*Instructions for the task*: Leave out all images and set down the records exactly as given.

Data excerpts

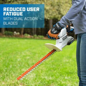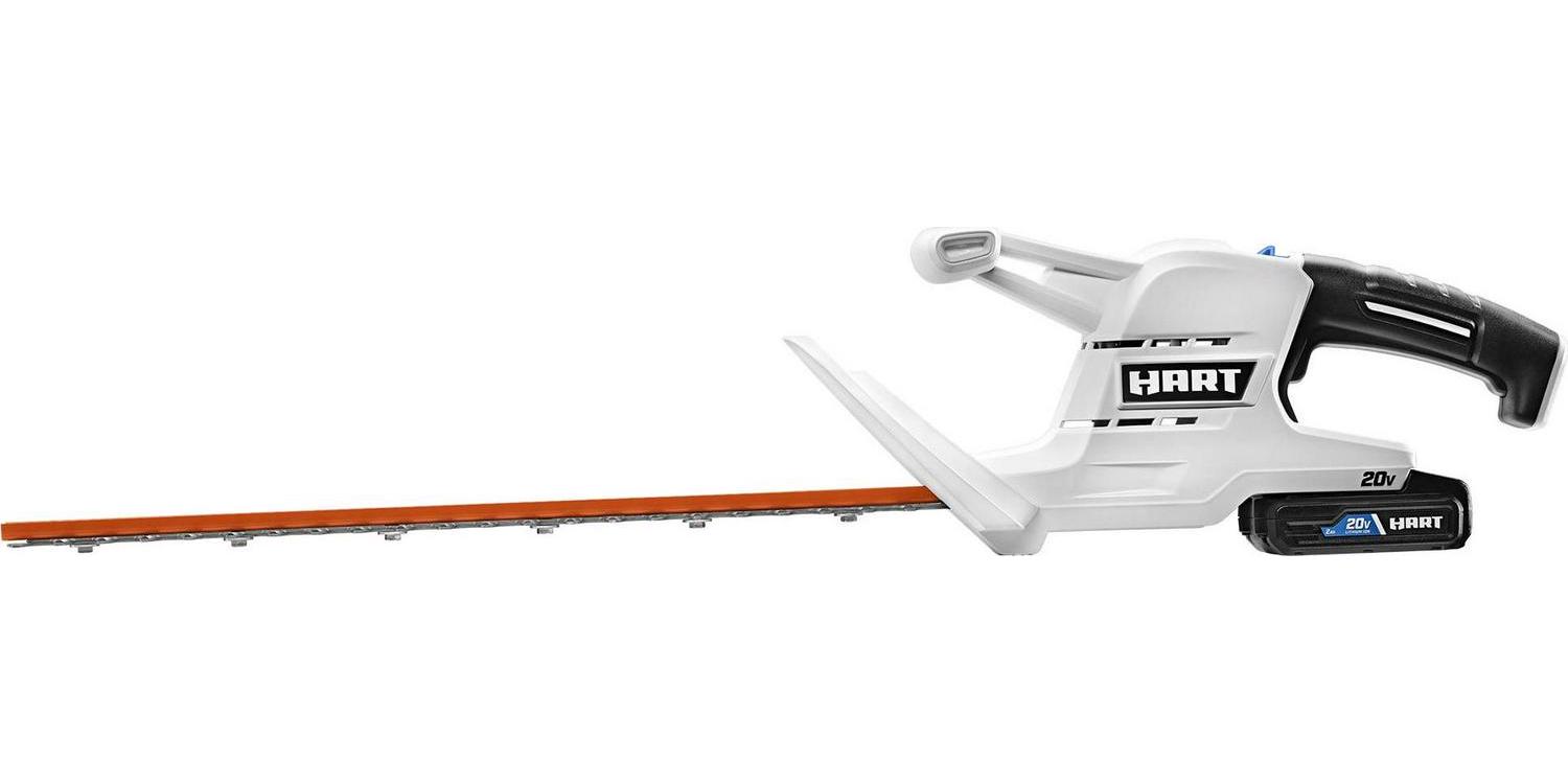 Trimming hedges in your yard is enough work, the last thing you need is having to mix gas with oil or navigating around an extension cord. That s why you ll like HART s 20V 18 Hedge Trimmer. This cordless model allows for unrestricted mobility, making it easier to move from one area of the yard to another. It features an 18 dual-action blade, which means there are 2 blades moving in the opposite direction that ll slice through branches up to 5/8 thick. The dual action blade also helps reduce vibrations for user comfort and ease of use. Generally speaking, most hedge trimmers can be quite heavy. Not so with this trimmer. It weighs just 4.6 lbs., so you can use it for longer periods of time without feeling fatigued. And it works with ALL HART 20V batteries.
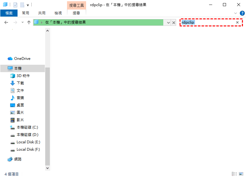 步驟2. 在System32中找到rdpclip.exe。您也可以點選右上角的搜尋欄,輸入rdpclip,同樣可以找到rdpclip.exe。
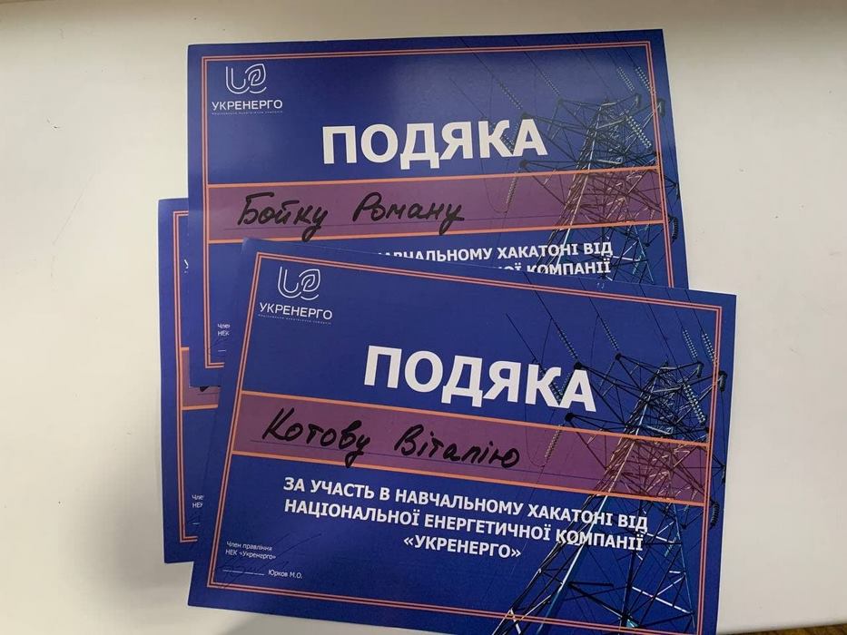 За креативність у вирішенні завдань та цікавий підхід до реалізації проєкту студенти були відзначені подяками від Правління НЕК "Укренерго".
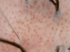 头皮银屑病可见亮红色背景,镜下见均匀一致分布的点状血管、小球状血管、环状血管、发夹样血管,伴白色鳞屑。
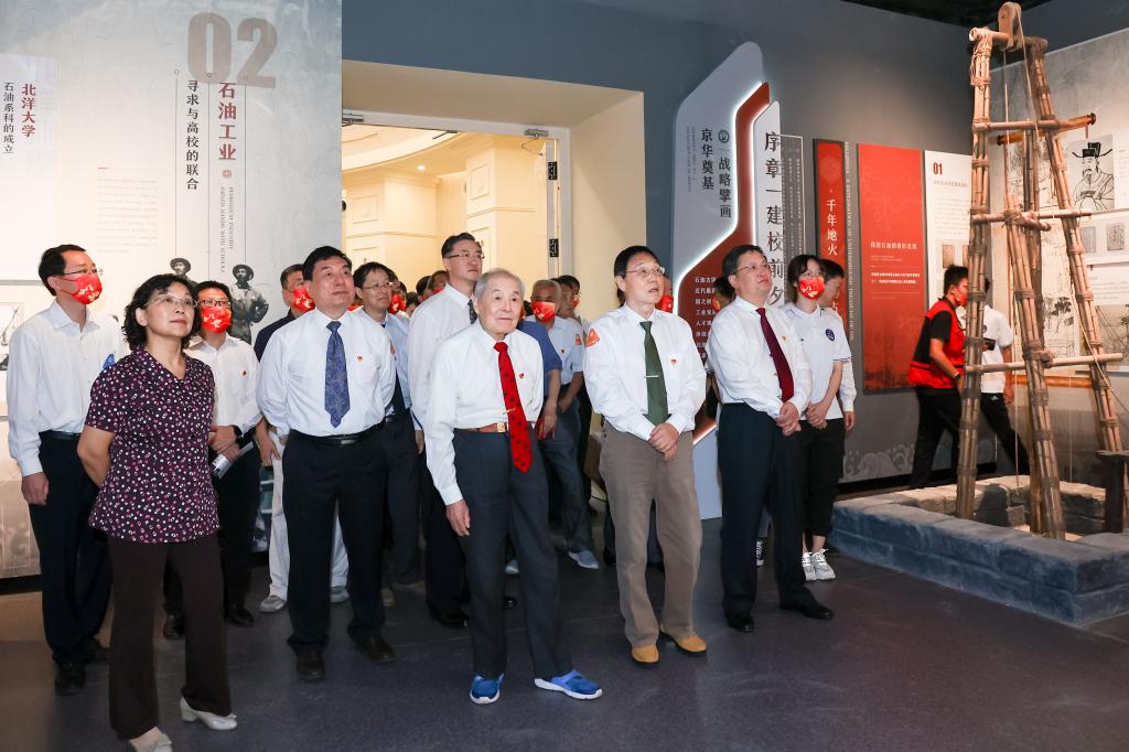“学校参与了西南石油学院、西安石油学院、大庆石油学院的援建工作,实现了成建制援助。”当看到《1958~1961年援建各石油高校专任教师情况》的图表时,方华灿对此印象深刻,向众人特别指出学校为新中国石油高等教育体系的建立和完善,石油高等教育事业的发展做出了重要贡献,体现了石大人“家国同心”的价值追求。参观至干打垒展区时,李阳接过讲解员的话筒表示,他仿佛又回到了1977年刚到学校那段求学历程,“实事求是,艰苦奋斗”的校风,让他懂得在人的一生中要有所建树,就必须要脚踏实地,艰苦奋斗。时隔24年,一张学校首个全国大学生“挑战杯”大赛一等奖的获奖照片触发了朱光有的回忆,谈及获奖经历时,他认为大学生创新要立足实际,尽量与所学专业结合起来,同时需要辛勤付出和耐得住寂寞,做“惟真惟实”的石大人。作为创造太阳能源服务(青岛)有限公司的联合创始人,段晓飞结合自身的创客经历,希望与石大学子一同不忘初心、“追求卓越”,继续做有大国担当的中国青年,讲好石大青年“一带一路”创业故事。
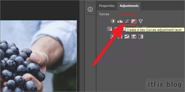 1. Adjustments 패널에서 Curves 아이콘을 클릭합니다.
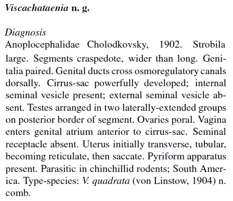 | Type Species | Viscachataenia quadrata (Linstow, 1904) Denegri, Dophic, Elissondo & Beveridge, 2003 |

*Expected answer*:
 Trimming hedges in your yard is enough work, the last thing you need is having to mix gas with oil or navigating around an extension cord. That s why you ll like HART s 20V 18 Hedge Trimmer. This cordless model allows for unrestricted mobility, making it easier to move from one area of the yard to another. It features an 18 dual-action blade, which means there are 2 blades moving in the opposite direction that ll slice through branches up to 5/8 thick. The dual action blade also helps reduce vibrations for user comfort and ease of use. Generally speaking, most hedge trimmers can be quite heavy. Not so with this trimmer. It weighs just 4.6 lbs., so you can use it for longer periods of time without feeling fatigued. And it works with ALL HART 20V batteries.
 步驟2. 在System32中找到rdpclip.exe。您也可以點選右上角的搜尋欄,輸入rdpclip,同樣可以找到rdpclip.exe。
 За креативність у вирішенні завдань та цікавий підхід до реалізації проєкту студенти були відзначені подяками від Правління НЕК "Укренерго".
 头皮银屑病可见亮红色背景,镜下见均匀一致分布的点状血管、小球状血管、环状血管、发夹样血管,伴白色鳞屑。
“学校参与了西南石油学院、西安石油学院、大庆石油学院的援建工作,实现了成建制援助。”当看到《1958~1961年援建各石油高校专任教师情况》的图表时,方华灿对此印象深刻,向众人特别指出学校为新中国石油高等教育体系的建立和完善,石油高等教育事业的发展做出了重要贡献,体现了石大人“家国同心”的价值追求。参观至干打垒展区时,李阳接过讲解员的话筒表示,他仿佛又回到了1977年刚到学校那段求学历程,“实事求是,艰苦奋斗”的校风,让他懂得在人的一生中要有所建树,就必须要脚踏实地,艰苦奋斗。时隔24年,一张学校首个全国大学生“挑战杯”大赛一等奖的获奖照片触发了朱光有的回忆,谈及获奖经历时,他认为大学生创新要立足实际,尽量与所学专业结合起来,同时需要辛勤付出和耐得住寂寞,做“惟真惟实”的石大人。作为创造太阳能源服务(青岛)有限公司的联合创始人,段晓飞结合自身的创客经历,希望与石大学子一同不忘初心、“追求卓越”,继续做有大国担当的中国青年,讲好石大青年“一带一路”创业故事。
 1. Adjustments 패널에서 Curves 아이콘을 클릭합니다.
 | Type Species | Viscachataenia quadrata (Linstow, 1904) Denegri, Dophic, Elissondo & Beveridge, 2003 |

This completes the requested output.